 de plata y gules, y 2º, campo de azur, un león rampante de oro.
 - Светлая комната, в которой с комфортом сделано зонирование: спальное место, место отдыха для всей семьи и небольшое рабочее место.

^^^^^^^^^^^^^^^^

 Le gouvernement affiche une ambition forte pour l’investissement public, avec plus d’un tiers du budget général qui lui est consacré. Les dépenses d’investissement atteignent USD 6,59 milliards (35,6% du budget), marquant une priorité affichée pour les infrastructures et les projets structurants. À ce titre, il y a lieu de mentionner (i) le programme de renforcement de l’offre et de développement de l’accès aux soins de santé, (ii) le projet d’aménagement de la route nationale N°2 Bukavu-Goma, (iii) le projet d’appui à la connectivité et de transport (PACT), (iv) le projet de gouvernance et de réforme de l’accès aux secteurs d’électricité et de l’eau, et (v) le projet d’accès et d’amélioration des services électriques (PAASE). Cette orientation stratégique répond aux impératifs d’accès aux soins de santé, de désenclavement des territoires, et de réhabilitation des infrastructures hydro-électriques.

^^^^^^^^^^^^^^^^

■ What you will do ■
Only one stretch of the entries above is wanted: the lines from the one containing "de plata y gules, y" through the one containing "- Светлая комната, в". Please reproduce it exactly.

■ Task solution ■
 de plata y gules, y 2º, campo de azur, un león rampante de oro.
 - Светлая комната, в которой с комфортом сделано зонирование: спальное место, место отдыха для всей семьи и небольшое рабочее место.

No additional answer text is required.